- Born: 1968 (age 57–58) Shanghai, China
- Occupation: Film director
- Years active: 2000s
- Awards: 2002 Berlin International Film Festival PREMIER First Movie Award - Special Mention; NETPAC Award;

Chinese name
- Traditional Chinese: 劉浩
- Simplified Chinese: 刘浩

Standard Mandarin
- Hanyu Pinyin: Líu Hào

= Liu Hao (director) =

Chinese filmmaker (born 1968)

Liu Hao (刘浩 (劉浩, Líu Hào); born 1968 in Shanghai) is a Chinese filmmaker. He first rose to prominence in the early to mid-2000s.

==Early life==
Born and raised in Shanghai, Liu Hao spent much of his youth watching films by Ren Xudong and Cheng Yin and, as he grew older, the works of the fifth generation directors. In 1995, as his interest in film grew, Liu, now in his mid-20s, decided to apply to the Beijing Film Academy. Though his application was accepted, the Academy refused to allow him to start, stating that 27 was simply too old. Undeterred, Liu raised ¥25,000 from banks to make a short Beijing Opera music video which went on to win a prize in Shanghai. With his name on the map, Liu was allowed to enter the 1997 incoming class of the Beijing Film Academy.

==Directorial career==
After graduating, Liu started his career with the independent film, Chen Mo and Meiting (2002). The film, about a romance between flower-vendor boy and a massage parlor girl, was never released in China. It nevertheless was screened abroad, and won a special mention at the Berlin International Film Festival and a NETPAC award.
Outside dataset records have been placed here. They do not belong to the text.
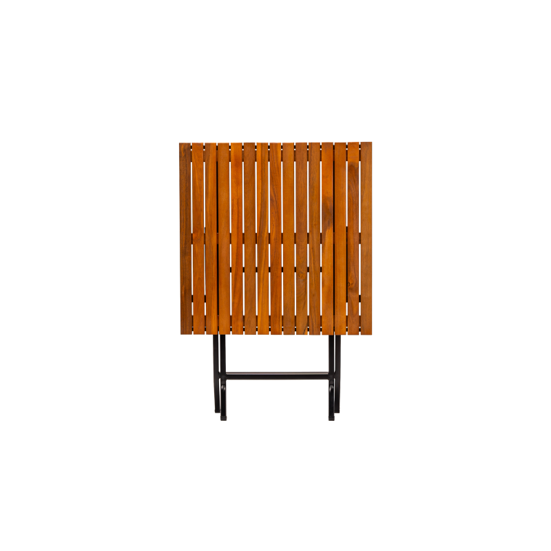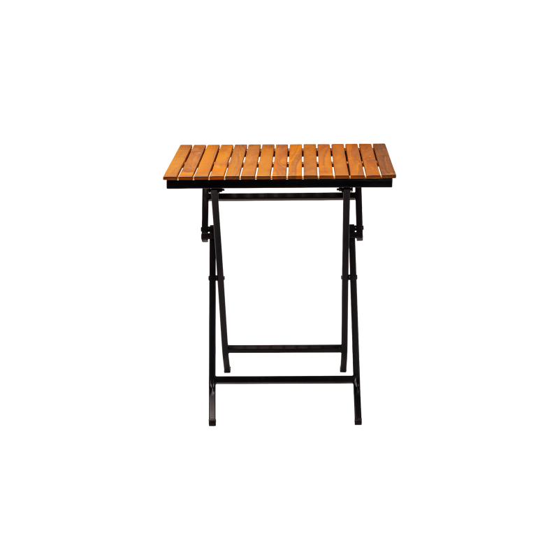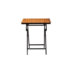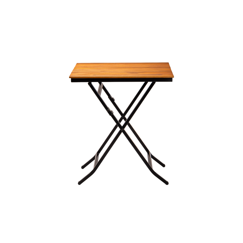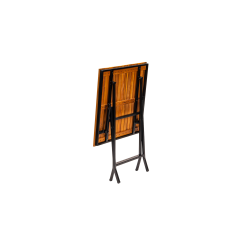 Stabilní ocelová konstrukce s práškovým lakováním zajišťuje odolnost vůči intenzivnímu používání, zatímco dřevěná deska dodává přirozený a nadčasový vzhled. Skládací funkce usnadňuje skladování a rychlou přípravu prostoru, což je zvláště důležité v sezónních provozech a tam, kde je vyžadována flexibilita.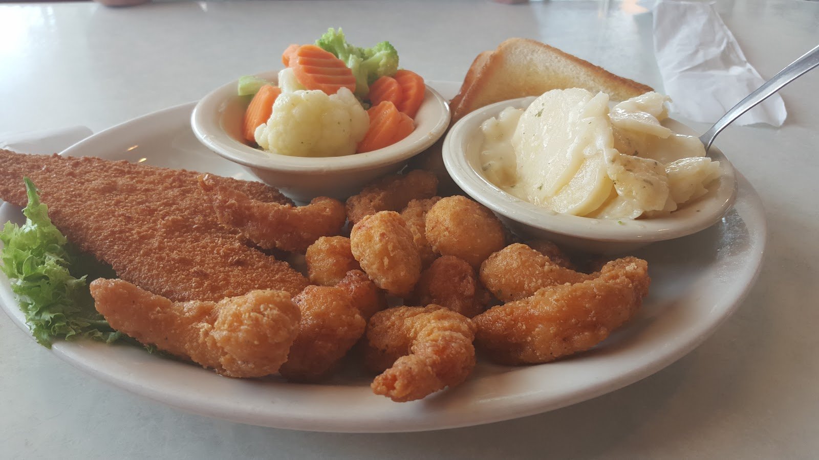 I love this place! I’ve eaten here before, and I was delighted I could share it with my daughter. We both had the grilled chicken salad. It was huge, and quite delicious, loaded with chicken and veggies. The jalapeƱo poppers were great, too!! Shared a piece of cheesecake for dessert!! So good with strawberries!! It was a wonderful lunch
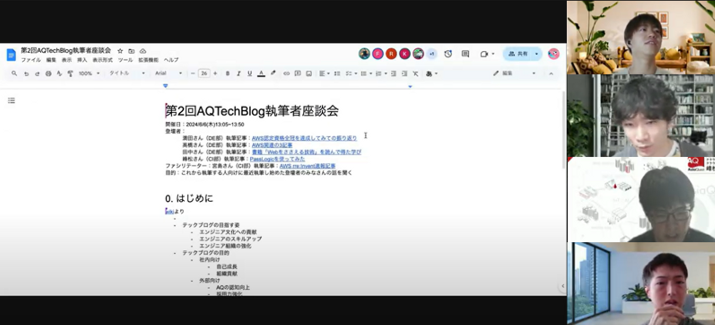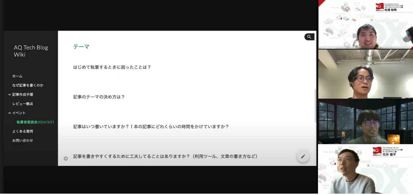 今回は、アジアクエストでエンジニアのテックブログ執筆支援のために取り組んでいる「テックブログ座談会」についてご紹介します!
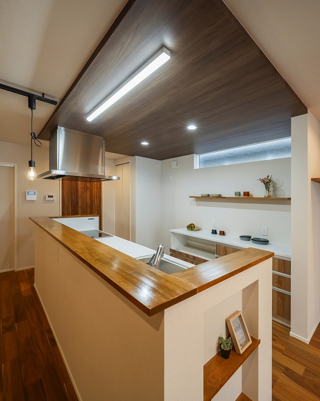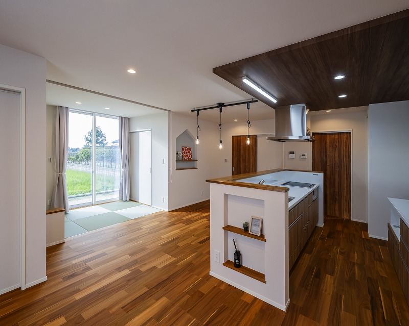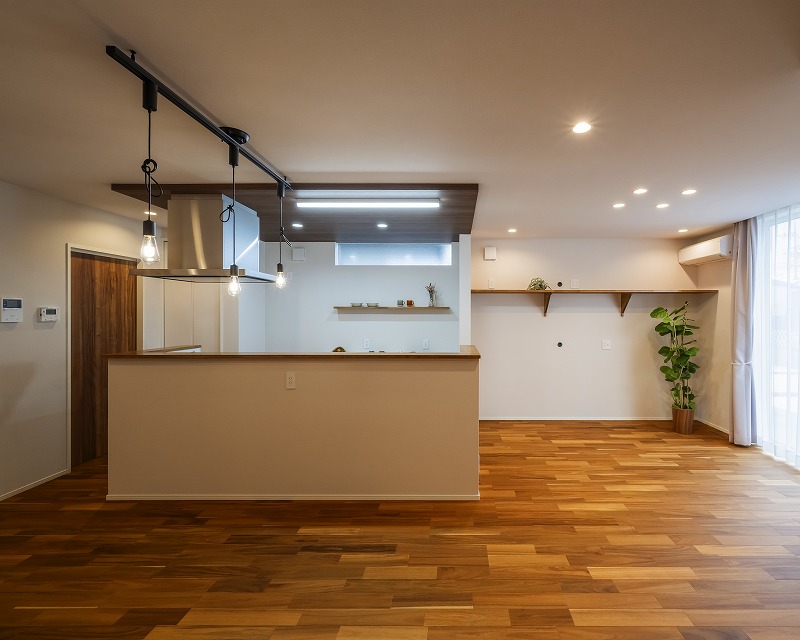 木目のフローリングが美しいLDKは、下がり天井のキッチンが印象的。キッチンのまわりをぐるっと回れる回遊動線で、家事がスムーズに行えます。

Though never released in China, the film caught the attention of Chinese producers at the China Film Group (CFG), who selected Liu to participate in the New Film Project, a joint investment by the CFG and the Peking University Kwans Group to fund new directors. With expectations that the film would be not only critically, but more importantly commercially successful, the China Film Group and the Peking University Kwans Group invested ¥5 million to Liu for his project, Two Great Sheep, a rural comedy about a poor peasant couple being forced to take care of two sheep of a superior breed.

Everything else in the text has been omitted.